## What you have to do
Leave out the pictures and output the data verbatim.

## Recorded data
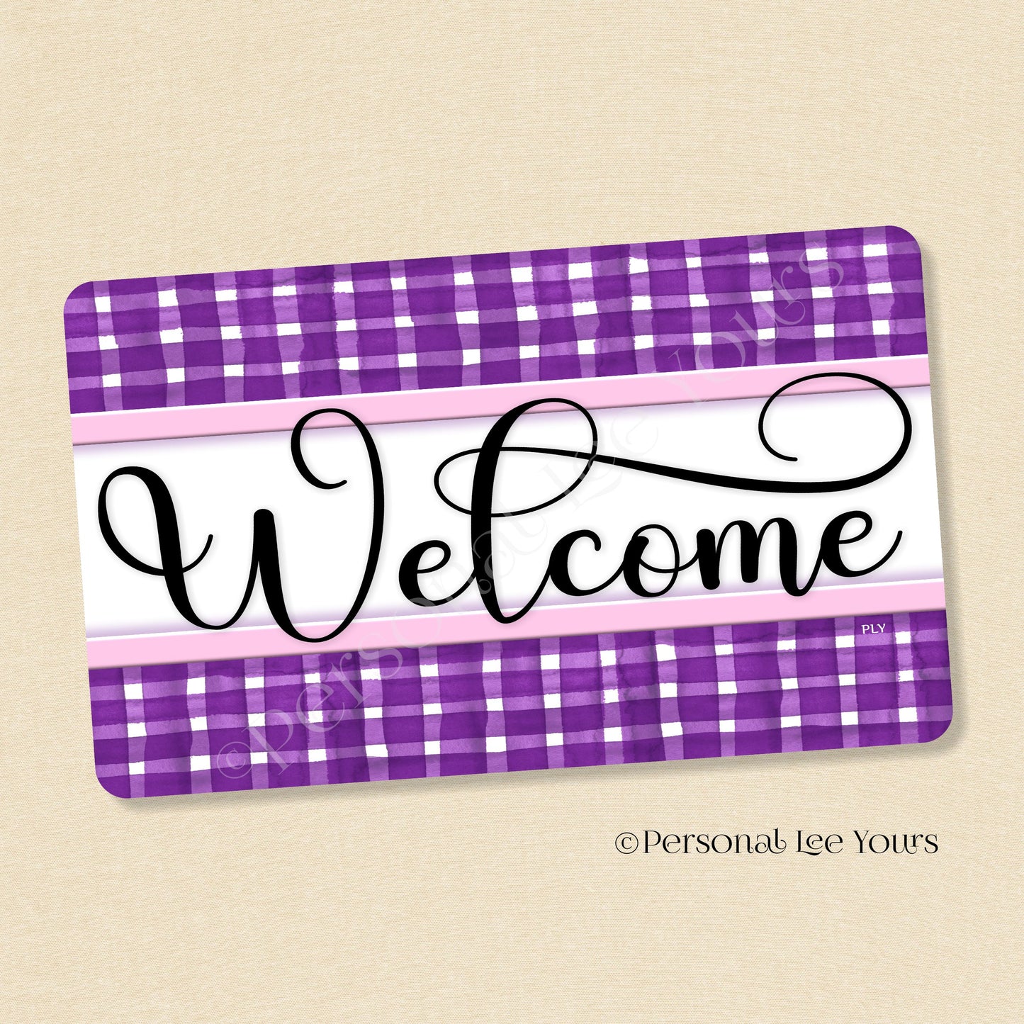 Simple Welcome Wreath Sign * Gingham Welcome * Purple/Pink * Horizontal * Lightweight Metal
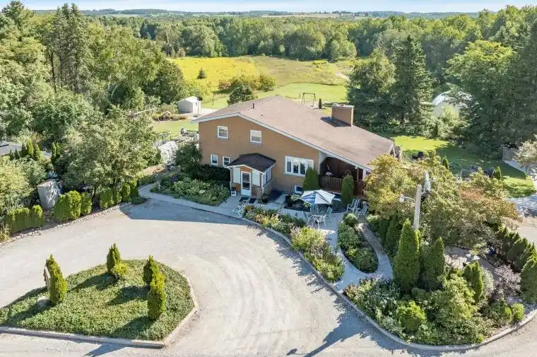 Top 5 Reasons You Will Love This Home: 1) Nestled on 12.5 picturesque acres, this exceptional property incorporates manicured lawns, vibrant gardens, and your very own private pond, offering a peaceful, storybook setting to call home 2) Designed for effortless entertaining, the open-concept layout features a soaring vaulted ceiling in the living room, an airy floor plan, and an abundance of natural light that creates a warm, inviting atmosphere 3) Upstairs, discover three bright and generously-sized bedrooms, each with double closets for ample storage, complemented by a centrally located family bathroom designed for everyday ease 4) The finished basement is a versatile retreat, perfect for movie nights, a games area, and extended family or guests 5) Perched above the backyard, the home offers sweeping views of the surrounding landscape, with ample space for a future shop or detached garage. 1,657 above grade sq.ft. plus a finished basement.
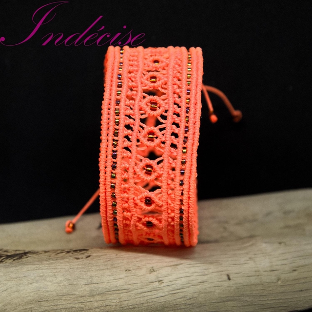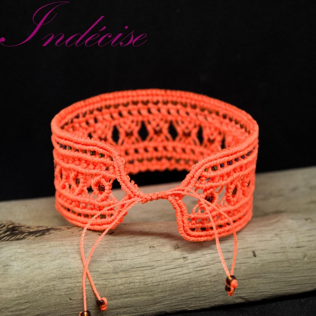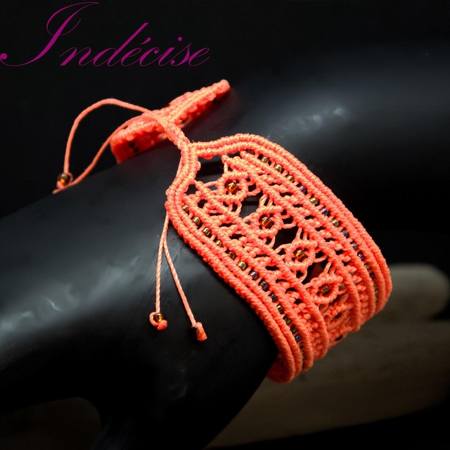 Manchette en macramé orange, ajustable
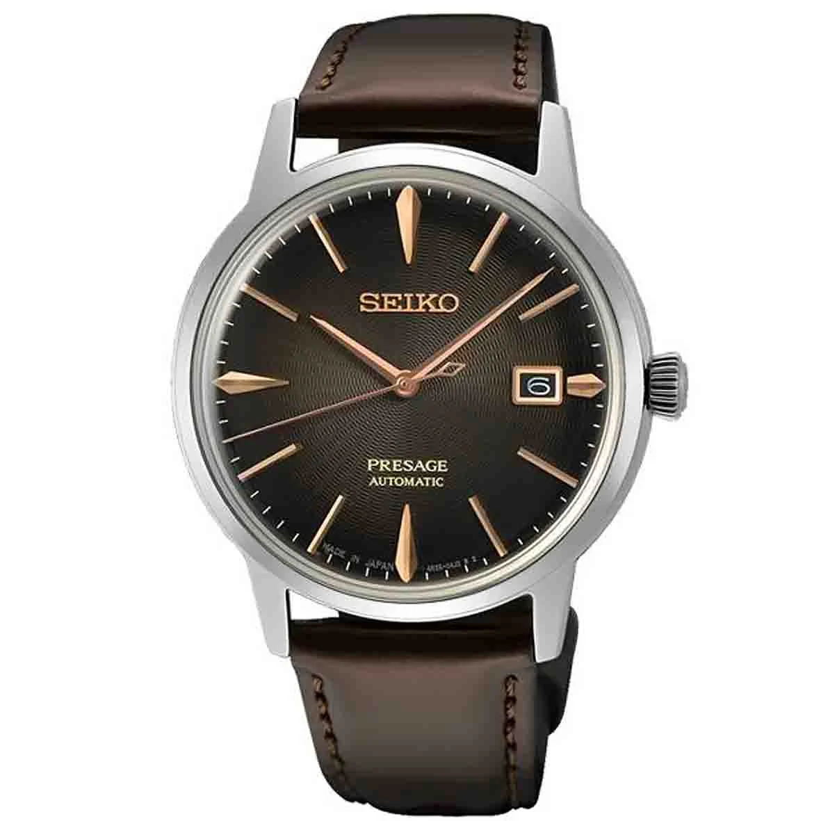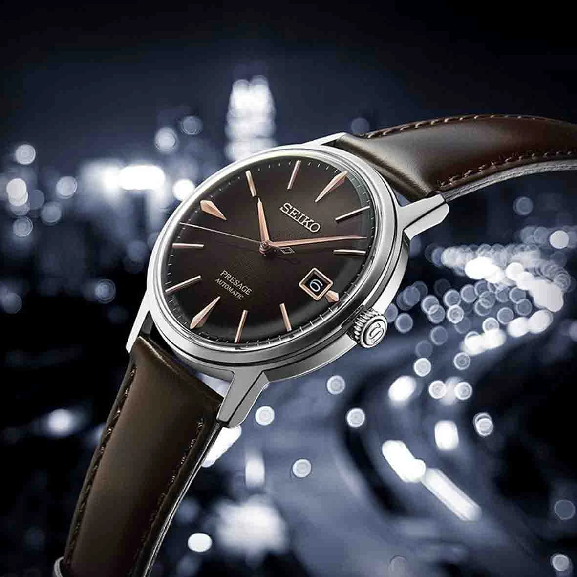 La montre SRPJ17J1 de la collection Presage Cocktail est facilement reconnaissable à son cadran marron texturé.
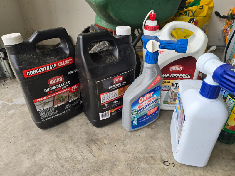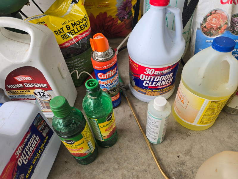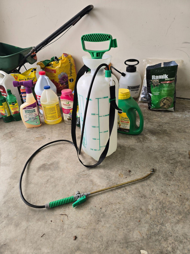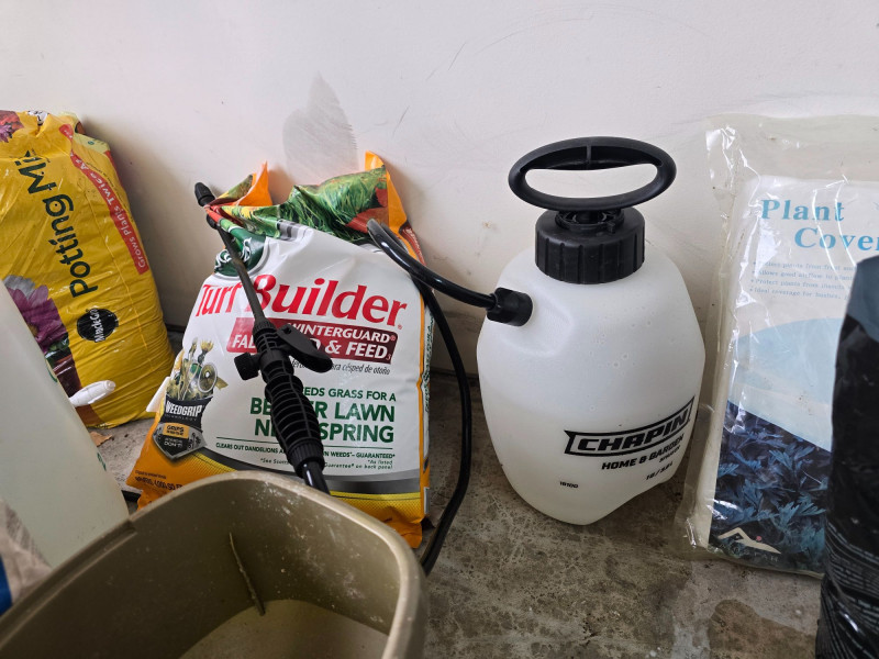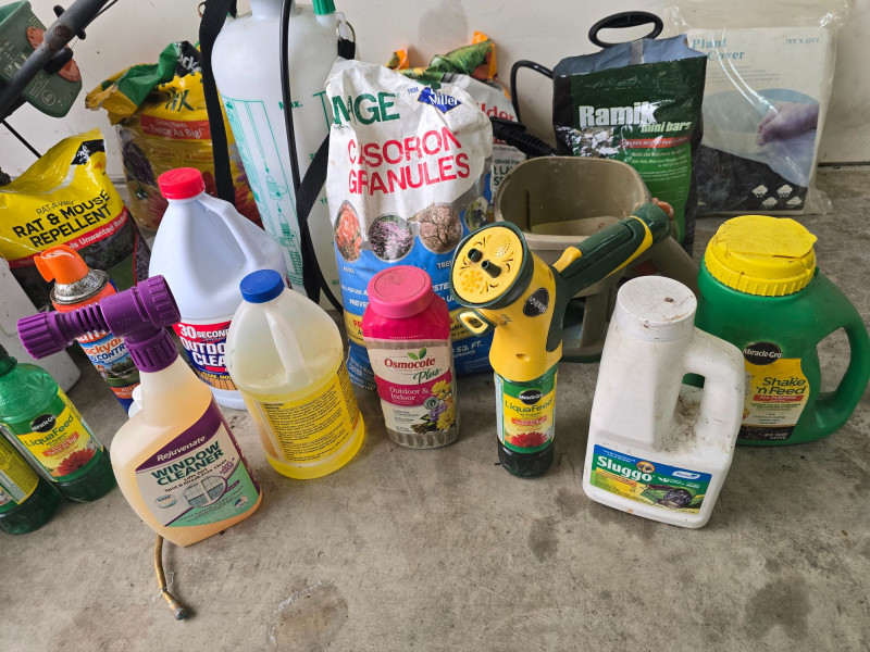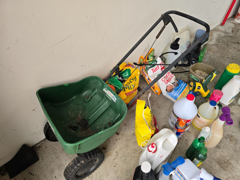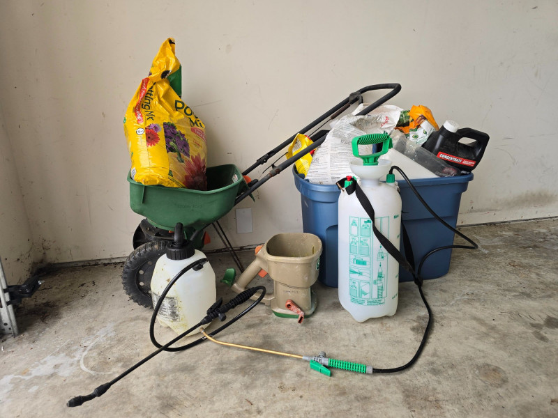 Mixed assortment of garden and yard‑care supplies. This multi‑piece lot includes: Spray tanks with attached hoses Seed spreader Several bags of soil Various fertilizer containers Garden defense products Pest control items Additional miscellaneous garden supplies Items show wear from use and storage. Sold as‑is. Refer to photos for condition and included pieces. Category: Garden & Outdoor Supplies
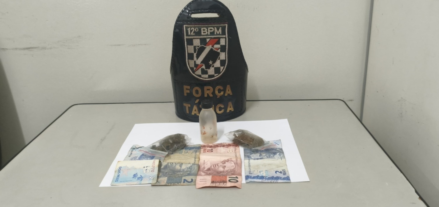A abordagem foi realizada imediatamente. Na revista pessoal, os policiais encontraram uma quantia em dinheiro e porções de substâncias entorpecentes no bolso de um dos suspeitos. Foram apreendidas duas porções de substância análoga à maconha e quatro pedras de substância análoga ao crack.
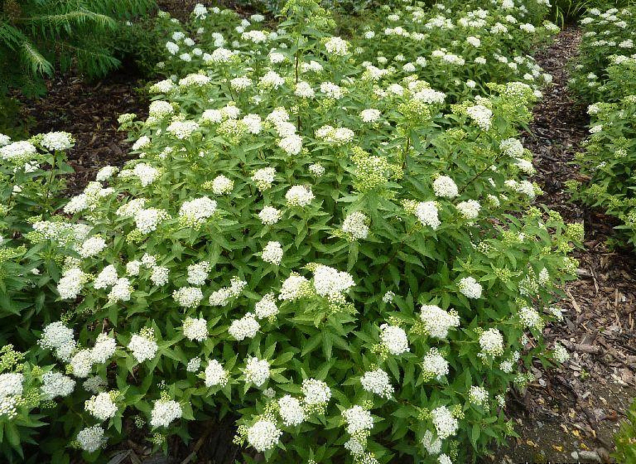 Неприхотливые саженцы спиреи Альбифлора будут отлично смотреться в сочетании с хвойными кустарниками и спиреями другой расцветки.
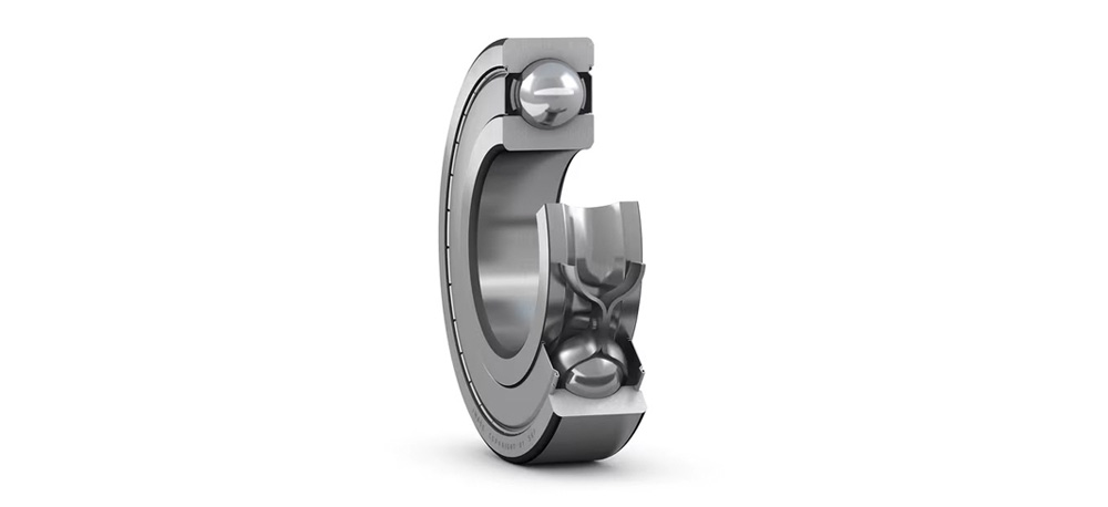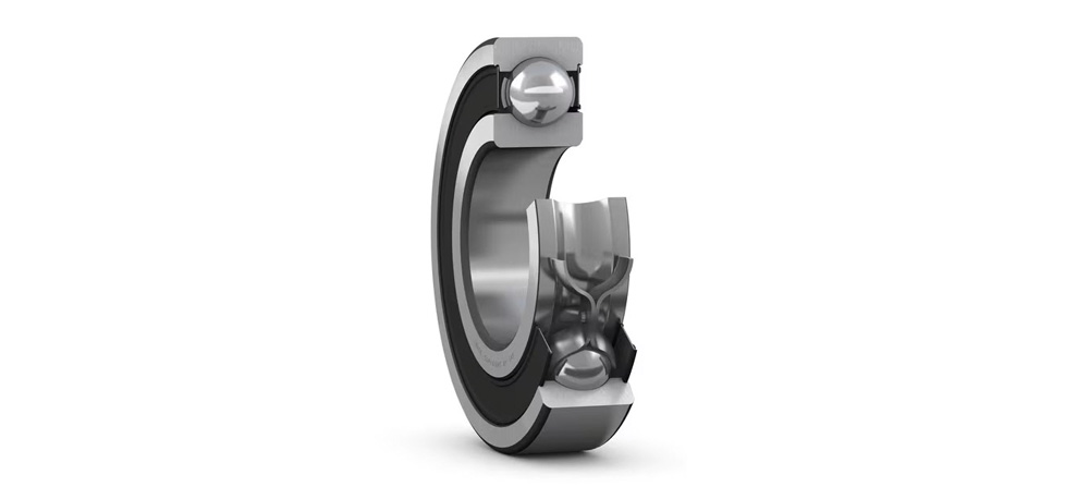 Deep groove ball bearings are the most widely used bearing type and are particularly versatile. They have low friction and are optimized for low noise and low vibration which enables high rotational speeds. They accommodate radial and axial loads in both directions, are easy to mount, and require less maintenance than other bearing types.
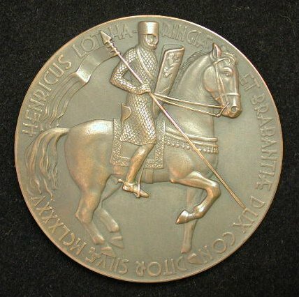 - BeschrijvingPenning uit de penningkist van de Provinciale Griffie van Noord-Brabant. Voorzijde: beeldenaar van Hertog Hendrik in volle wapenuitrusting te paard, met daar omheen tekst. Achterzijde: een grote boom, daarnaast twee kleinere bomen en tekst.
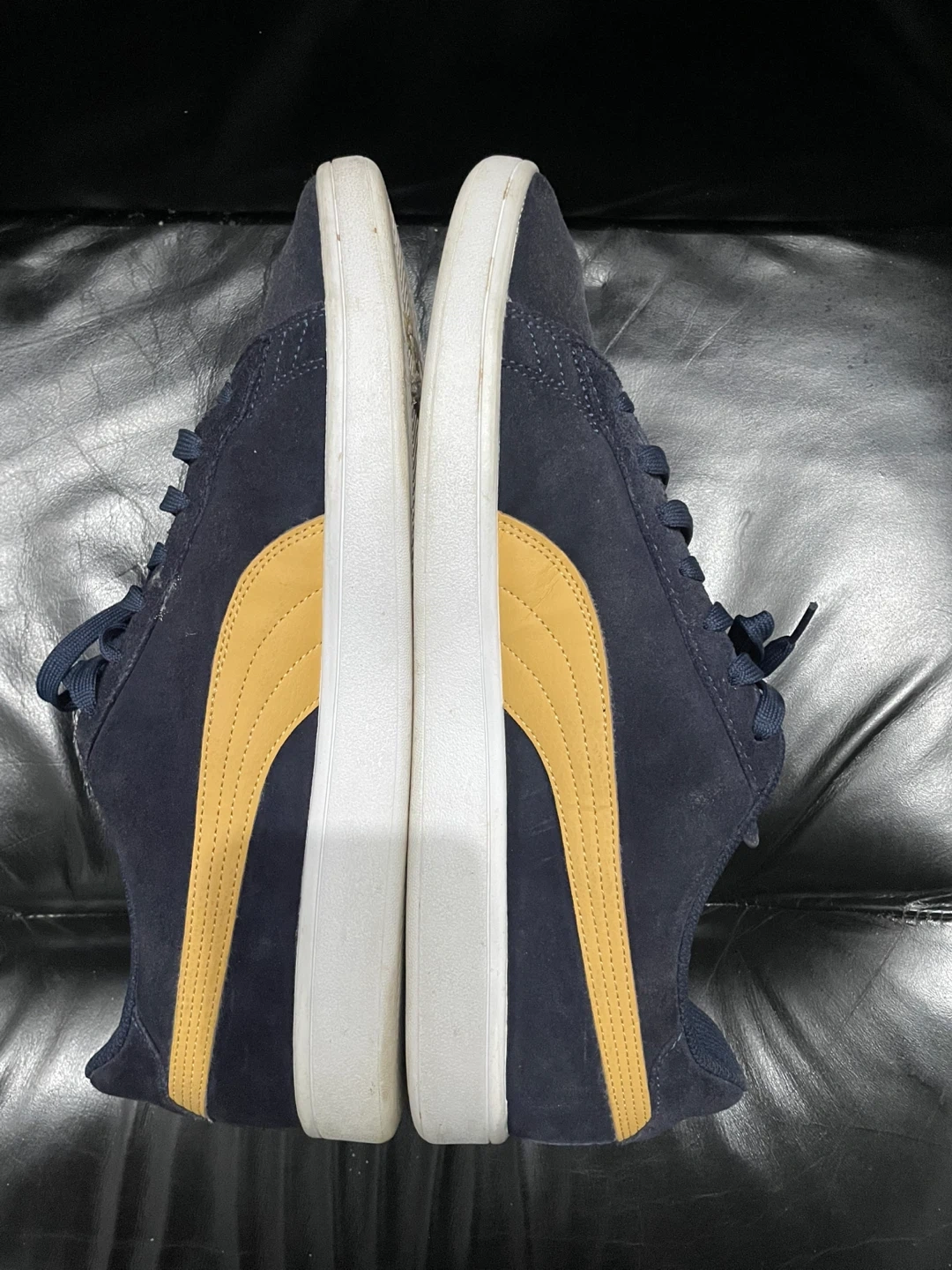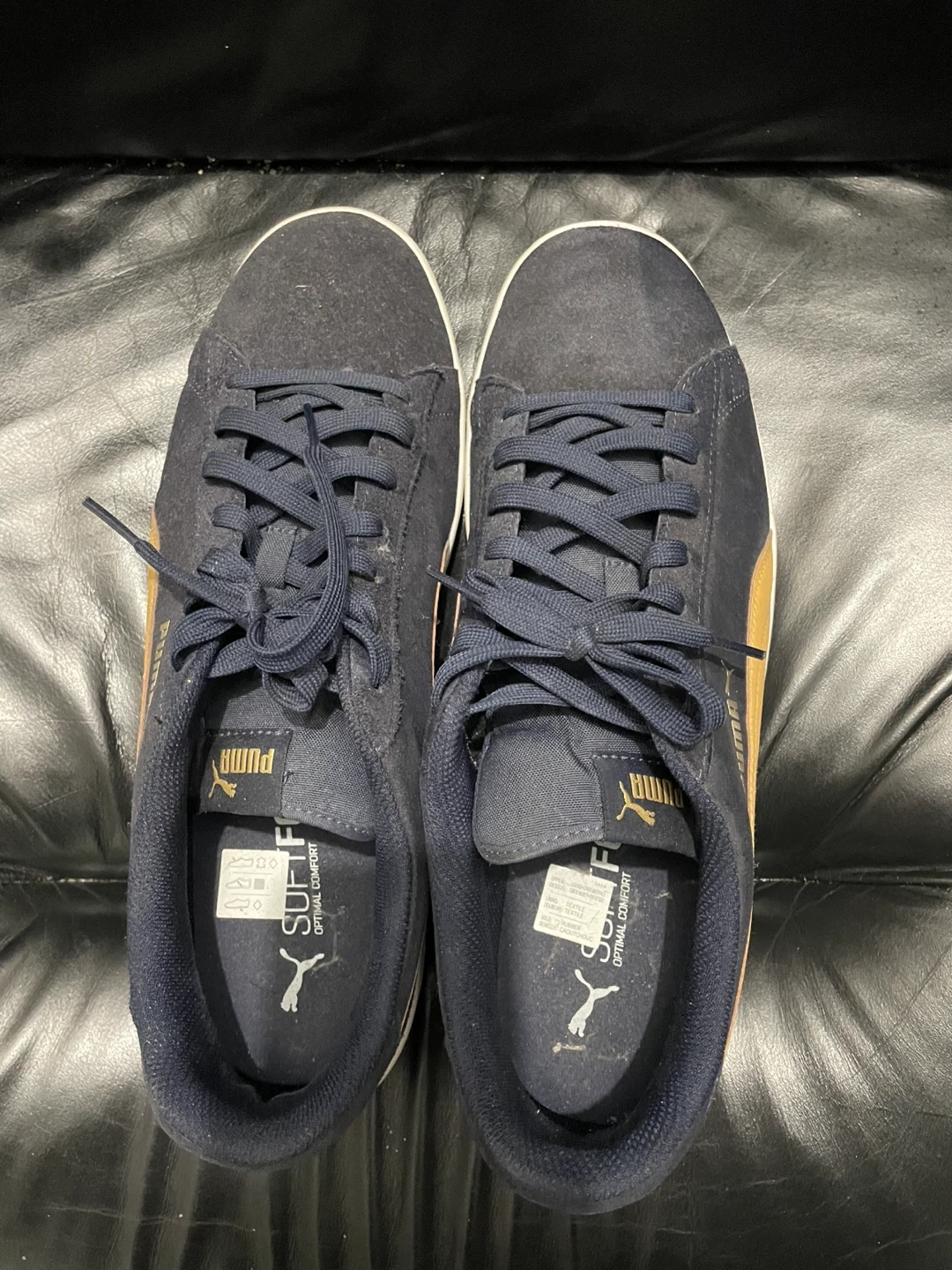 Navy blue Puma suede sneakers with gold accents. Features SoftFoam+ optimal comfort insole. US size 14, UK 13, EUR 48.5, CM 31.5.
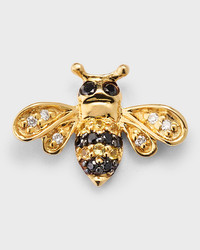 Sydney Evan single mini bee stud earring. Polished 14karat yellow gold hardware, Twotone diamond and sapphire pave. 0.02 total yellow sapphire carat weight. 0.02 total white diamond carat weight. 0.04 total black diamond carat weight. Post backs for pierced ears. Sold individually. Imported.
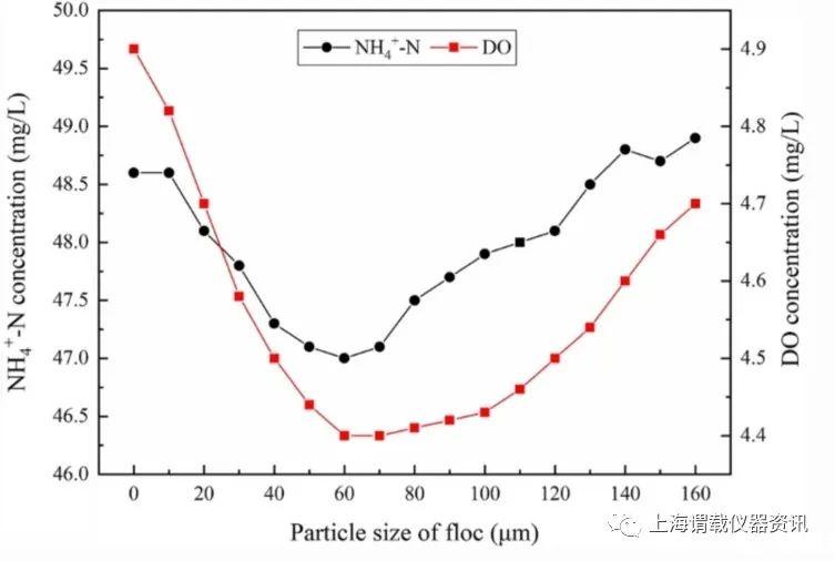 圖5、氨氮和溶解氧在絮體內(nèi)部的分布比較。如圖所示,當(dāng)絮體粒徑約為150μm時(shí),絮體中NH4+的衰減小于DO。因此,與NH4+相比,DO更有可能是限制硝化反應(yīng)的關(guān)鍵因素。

## Task output
 Simple Welcome Wreath Sign * Gingham Welcome * Purple/Pink * Horizontal * Lightweight Metal
 Top 5 Reasons You Will Love This Home: 1) Nestled on 12.5 picturesque acres, this exceptional property incorporates manicured lawns, vibrant gardens, and your very own private pond, offering a peaceful, storybook setting to call home 2) Designed for effortless entertaining, the open-concept layout features a soaring vaulted ceiling in the living room, an airy floor plan, and an abundance of natural light that creates a warm, inviting atmosphere 3) Upstairs, discover three bright and generously-sized bedrooms, each with double closets for ample storage, complemented by a centrally located family bathroom designed for everyday ease 4) The finished basement is a versatile retreat, perfect for movie nights, a games area, and extended family or guests 5) Perched above the backyard, the home offers sweeping views of the surrounding landscape, with ample space for a future shop or detached garage. 1,657 above grade sq.ft. plus a finished basement.
 Manchette en macramé orange, ajustable
 La montre SRPJ17J1 de la collection Presage Cocktail est facilement reconnaissable à son cadran marron texturé.
 Mixed assortment of garden and yard‑care supplies. This multi‑piece lot includes: Spray tanks with attached hoses Seed spreader Several bags of soil Various fertilizer containers Garden defense products Pest control items Additional miscellaneous garden supplies Items show wear from use and storage. Sold as‑is. Refer to photos for condition and included pieces. Category: Garden & Outdoor Supplies
A abordagem foi realizada imediatamente. Na revista pessoal, os policiais encontraram uma quantia em dinheiro e porções de substâncias entorpecentes no bolso de um dos suspeitos. Foram apreendidas duas porções de substância análoga à maconha e quatro pedras de substância análoga ao crack.
 Неприхотливые саженцы спиреи Альбифлора будут отлично смотреться в сочетании с хвойными кустарниками и спиреями другой расцветки.
 Deep groove ball bearings are the most widely used bearing type and are particularly versatile. They have low friction and are optimized for low noise and low vibration which enables high rotational speeds. They accommodate radial and axial loads in both directions, are easy to mount, and require less maintenance than other bearing types.
 - BeschrijvingPenning uit de penningkist van de Provinciale Griffie van Noord-Brabant. Voorzijde: beeldenaar van Hertog Hendrik in volle wapenuitrusting te paard, met daar omheen tekst. Achterzijde: een grote boom, daarnaast twee kleinere bomen en tekst.
 Navy blue Puma suede sneakers with gold accents. Features SoftFoam+ optimal comfort insole. US size 14, UK 13, EUR 48.5, CM 31.5.
 Sydney Evan single mini bee stud earring. Polished 14karat yellow gold hardware, Twotone diamond and sapphire pave. 0.02 total yellow sapphire carat weight. 0.02 total white diamond carat weight. 0.04 total black diamond carat weight. Post backs for pierced ears. Sold individually. Imported.
 圖5、氨氮和溶解氧在絮體內(nèi)部的分布比較。如圖所示,當(dāng)絮體粒徑約為150μm時(shí),絮體中NH4+的衰減小于DO。因此,與NH4+相比,DO更有可能是限制硝化反應(yīng)的關(guān)鍵因素。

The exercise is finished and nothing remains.